Vendors, too, benefit from lower development costs. A browser interface eliminates the need to write half-a-dozen operating-system-specific interfaces for various flavours of server and desktop environments. A Web interface provides immediate and sufficient access to management functionality through key operating systems, plus the myriad other device interfaces in the market.
Pressure to standardise remote management interfaces is coming from unanticipated sources, too. Cisco, for instance, is re-engineering its entire line of management applications.
After acquiring many new companies, Cisco was saddled with a collection of stovepipe management tools for the acquired products, along with those for numerous in-house applications.
Because the products weren't integrated, network managers were forced to load and use each product separately.
"We designed the Common Management Framework to provide a single access point to all of our management apps," said Bill Erdman, product line manager for campus management at Cisco. The company is using Internet technology to make its entire suite of management applications accessible via the Web.
Another vendor investing heavily in Web-enabled remote management is Computer Associates in the US. The common Windows NT-based interface for Computer Associates' Unicenter TNG management framework has been replaced by a Web interface.
Written in Java, the Web interface provides two-way functionality that supports all the management capabilities found in Unicenter TNG, such as the ability to change configurations and settings, as well as system monitoring.
What do integrators think of this trend? Exodus Communications (ECI), for one, couldn't be happier.
The US-based firm provides data centre services to large and midsize companies, and Unicenter's adoption of a Web interface meshes nicely with a service ECI calls Collaborative Enterprise Management.
ECI uses Unicenter TNG to manage its data centre, but clients may tap the Web interface to check on the health of the network. "Clients needn't become TNG experts to monitor their applications," explained Prabakar Sundarrajan, ECI's director of research and development.
This points to another trend spawned by the Web browser's legendary ease of use: the rise of non-technical users of network management information.

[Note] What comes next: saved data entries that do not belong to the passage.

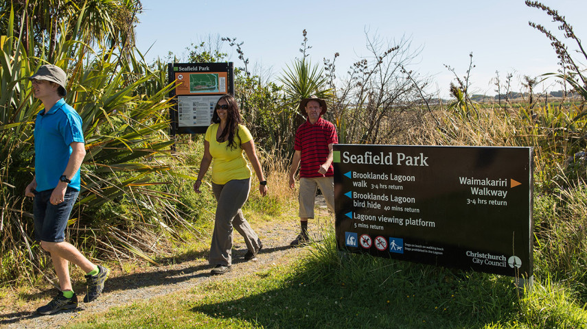 Seafield Park is approximately 70 hectares and extends between the townships of Brooklands and Spencerville and alongside the western edge of Brooklands Lagoon/Te Riu o Te Aika Kawa.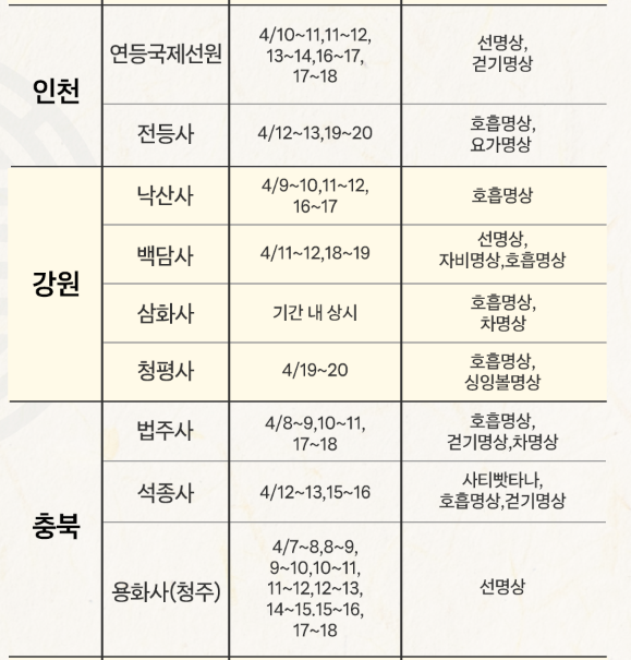 각 사찰마다 하루 또는 1박 2일 프로그램 등 구성도 다양하기 때문에 개인의 일정과 관심사에 따라 선택할 수 있습니다.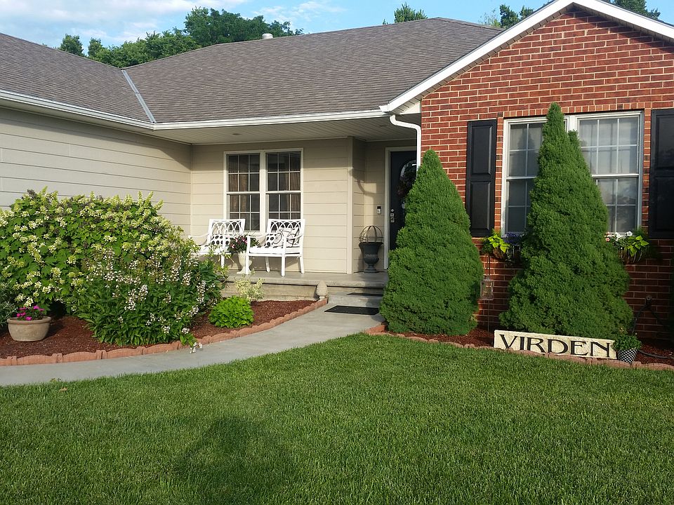 Built in 2003, beautiful ranch style vaulted ceiling home. This original owner home is approximately 3200 square feet with full finished basement. Home is 100% smoke and animal free. Total of 5 bedrooms and 3 full baths. Solid surface cabinet tops in kitchen, custom built cabinets and stainless steel appliances. Laundry room has wash basin, cabinets and brand new washer dryer. Master bath includes whirlpool tub, separate shower, double vanity and custom walk-in closet. Basement features a spacious "SUPERBOWL READY", theater room with a 7.5 foot screen TV, cabinet area, wood pellet stove, workout room with rubber flooring, 2 additional bedrooms and full bath. Anderson windows throughout and a 2 car garage. Outside you have a large covered deck with misters and brick patio perfect for entertaining. With creek behind and nicely landscaped located in wonderful, family oriented Eagles Landing neighborhood. This neighborhood amenities include walking trail, shelter area for picnics, parties and a park area for children to play as well as a basketball court. Please call for a private viewing today. 785-230-2686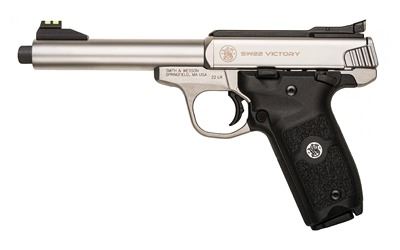 Smith & Wesson, Victory, Semi-automatic Pistol, 22LR, 5.5" Threaded Barrel, Steel Frame, Stainless Finish, Polymer Grip, Adjustable Rear, Fiber Optic Front Sight, 10 Rd, 2 Magazines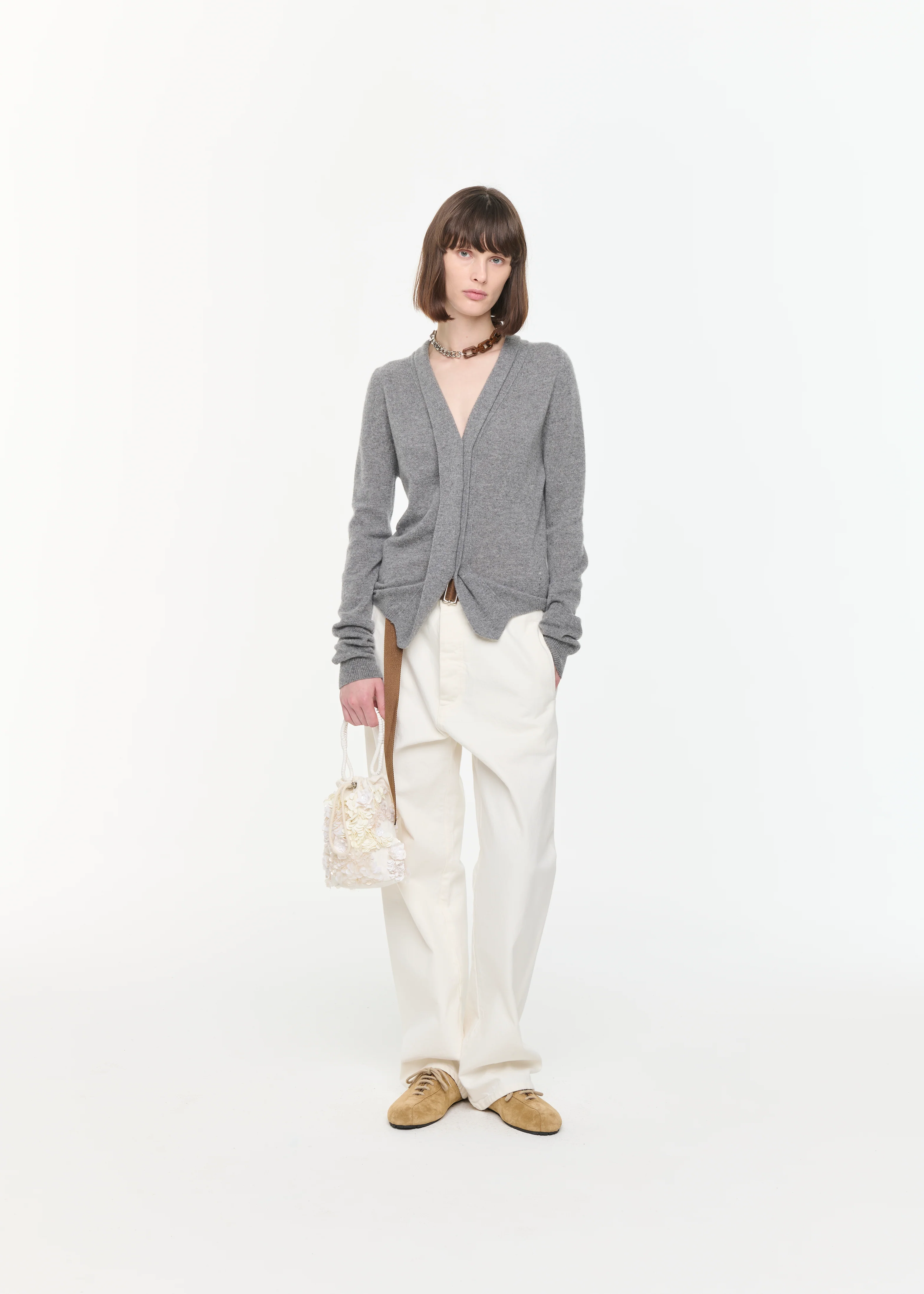 GREY MELANGE CASHMERE CARDIGAN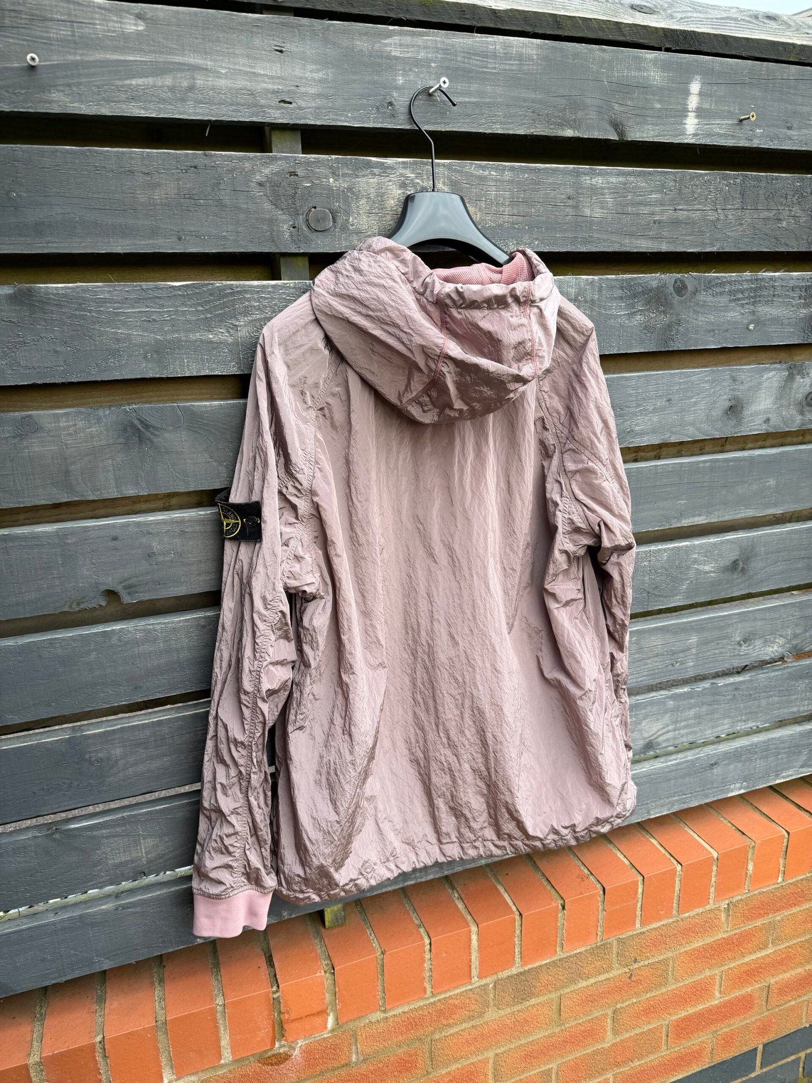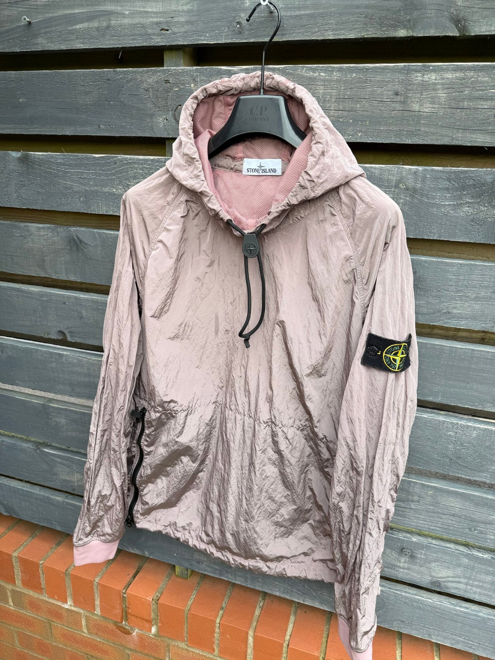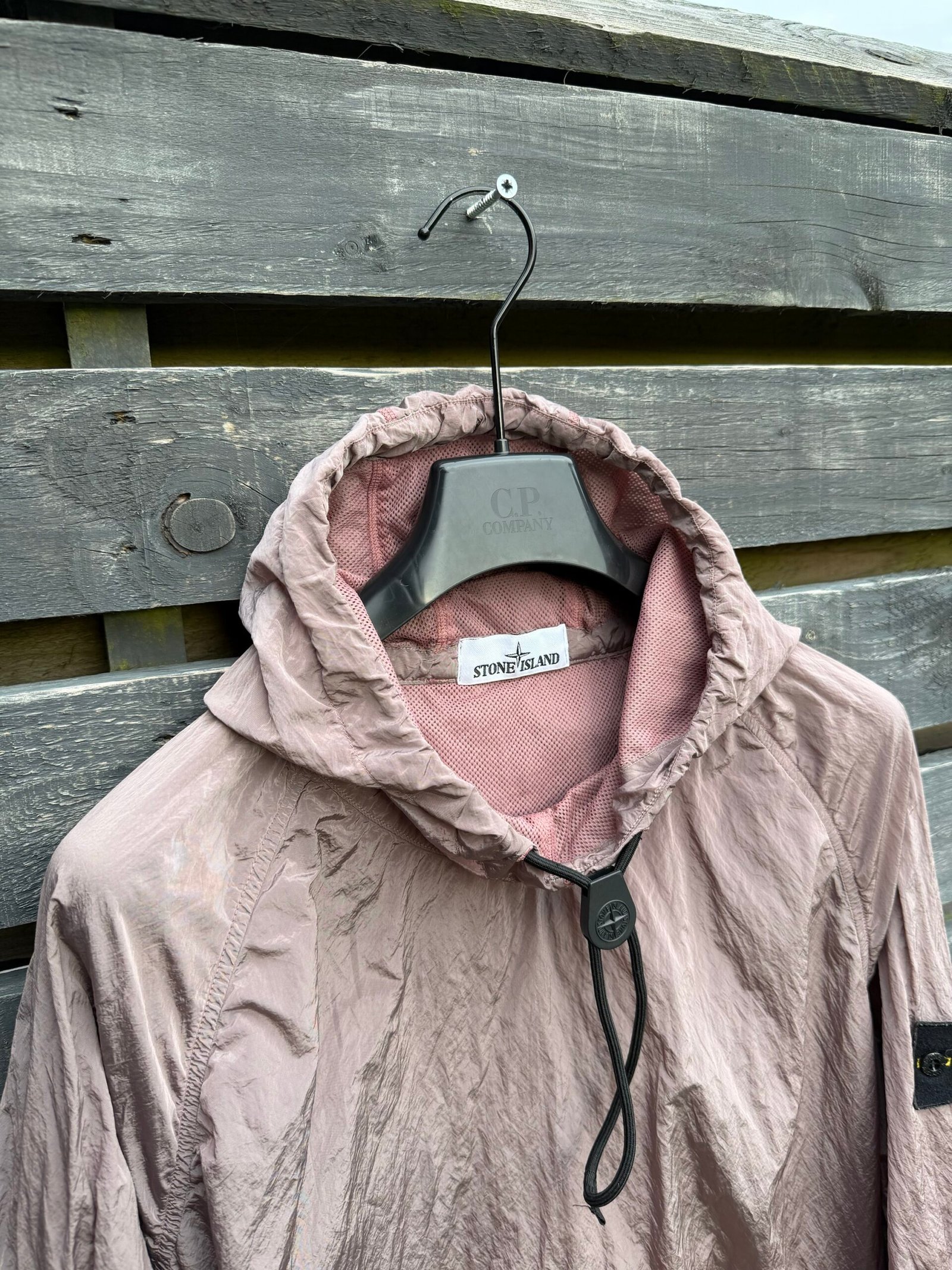A standout lightweight smock from Stone Island crafted in their signature Nylon Metal fabric — giving a metallic, slightly iridescent surface that catches light with a subtle shine. It features a drawstring hood, raglan sleeves, a zip‑front pouch pocket, ribbed cuffs and mesh lining, plus the detachable Stone Island badge at the sleeve. Wind‑ and water‑resistant with an anti‑drop finish, this smock blends technical utility and streetwear attitude — perfect as a layering piece or transitional outerwear. Very good condition, water mark on the front can’t be seen in the light.
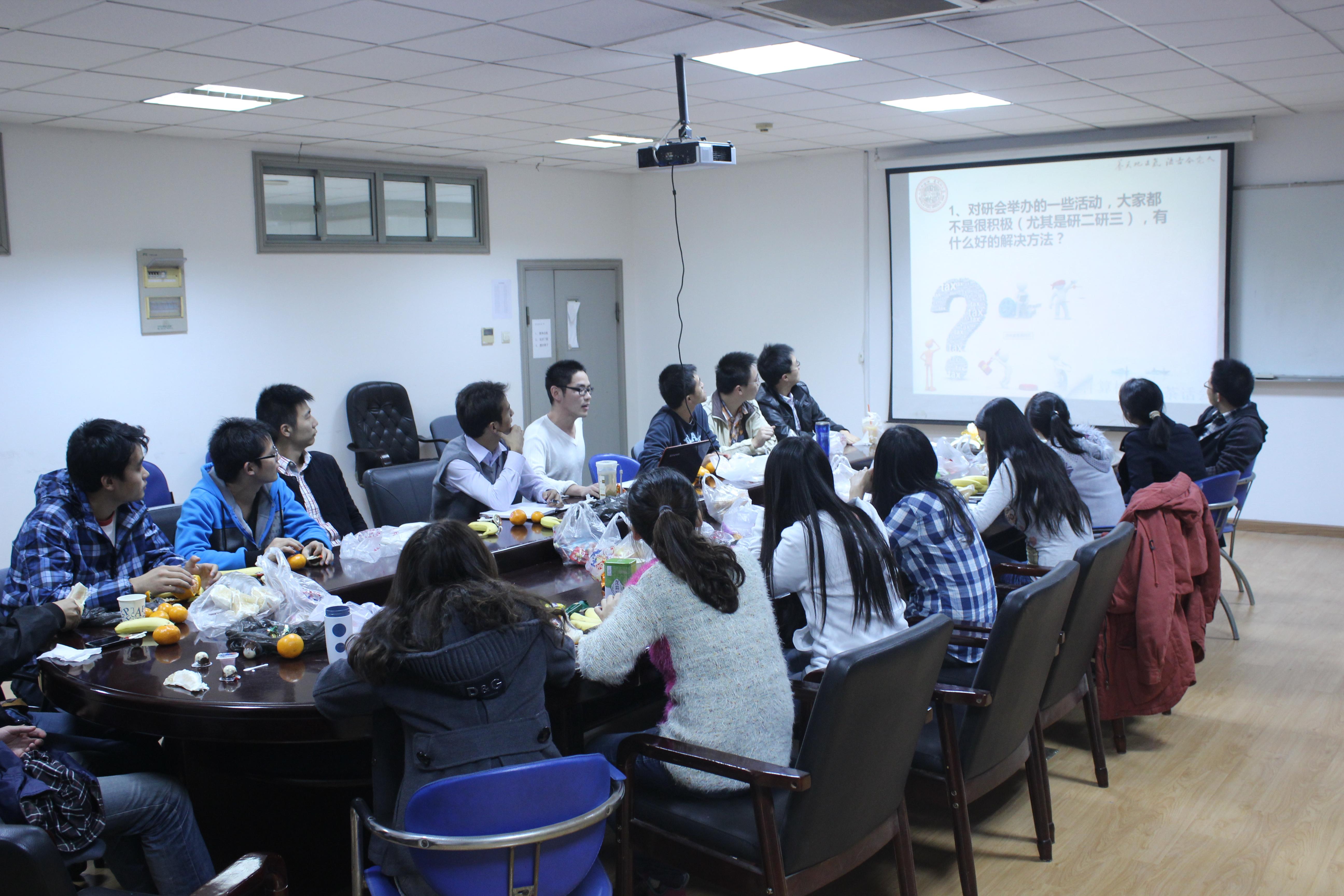 最后我院研会主席总结了本次会议:第一,研会内部成员要加强沟通与交流,并与各班班干紧密联系,将每次活动组织好。第二,我们研会要积极开展活动,对以往活动取其精华去其糟粕,求变求新,为同学们提供更多有趣又有意义的活动,吸引更多人参与进来;第三、加强和兄弟学院的沟通、合作,将我们学院特有的风采展现出来。第四、不与社会脱节,争取赢得社会的赞助,举办的活动达到双赢的局面。最后,建议研会成员以及各班班干积极参加活动,起到先锋带头的作用,积极响应校研会以及院研究生分会的号召。

Concord makes a line of LAN/WAN analysis and reporting tools called Network Health that allows users to easily assess network characteristics, including baseline performance, bandwidth utilisation, network volume, traffic, and performance tendencies, via a Web Interface.
Since Concord retrofitted its product with a browser interface, the vendor has seen a sharp rise in business users accessing network-management information for their own tasks, such as budgeting, planning, and departmental management. They can even define the level of information desired, from an overview to a drill-down, as needed.
"You'd never catch these users at a management console," Conklin observed. The implications of a broadening role for remote-management tools are interesting indeed. Like many integrators, Compute Intensive has seized upon Web-based network management as a way to deliver remote services more cost-effectively.
Clearly, Web-based remote management is becoming more than just a cheaper way to deliver services. The technology is bringing business users closer to their underlying IT infrastructure -- and in the process may change who your target customers are for remote management products and services, as well as how you sell them.